Image: University of Winnipeg, courtesy of Dr. Miki

Roy Akira Miki, contributed to peace by writing and speaking out against injustice particularly the internment of Japanese Canadians.

Dr. Miki is a distinguished scholar and teacher, one of Canada’s finest poets and authors, and a passionate advocate for social justice. Born on a sugar beet farm in Manitoba, where his Japanese Canadian parents were interned during the Second World War, Dr. Miki’s early experiences with discrimination fueled his drive to express his ideas and emotions.

Dr. Miki’s human rights activism has helped change the shape of Canadian society.

A 2002 collection of his poems, “Surrender”, received the Governor General’s Award for Poetry.
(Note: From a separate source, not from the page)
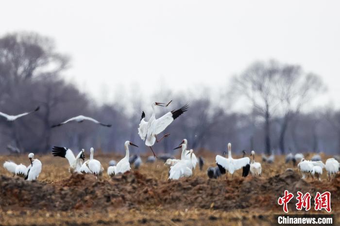 国家一级保护鸟类白鹤在图牧吉国家级自然保护区内翩跹起舞。 毕力格 摄
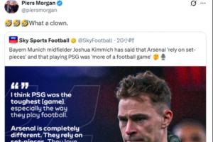 体育资讯11月28日讯 英国主持人、著名阿森纳球迷皮尔斯·摩根在社交媒体炮轰基米希,直言其是“小丑”。

Dr. Miki’s writing and voluntary contributions were recognized in 2006 with three major awards: the Order of Canada, Gandhi Peace Award and Thakore Visiting Scholar Award. In his book Redress: Inside the Japanese Canadian Call for Justice, author Dr. Miki notes how NDP Leader Ed Broadbent was brought to tears as he spoke at the 1988 apology in the House of Commons; his first wife was Japanese Canadian.

He is also a recipient of Simon Fraser University’s Nora and Ted Sterling Prize in Support of Controversy.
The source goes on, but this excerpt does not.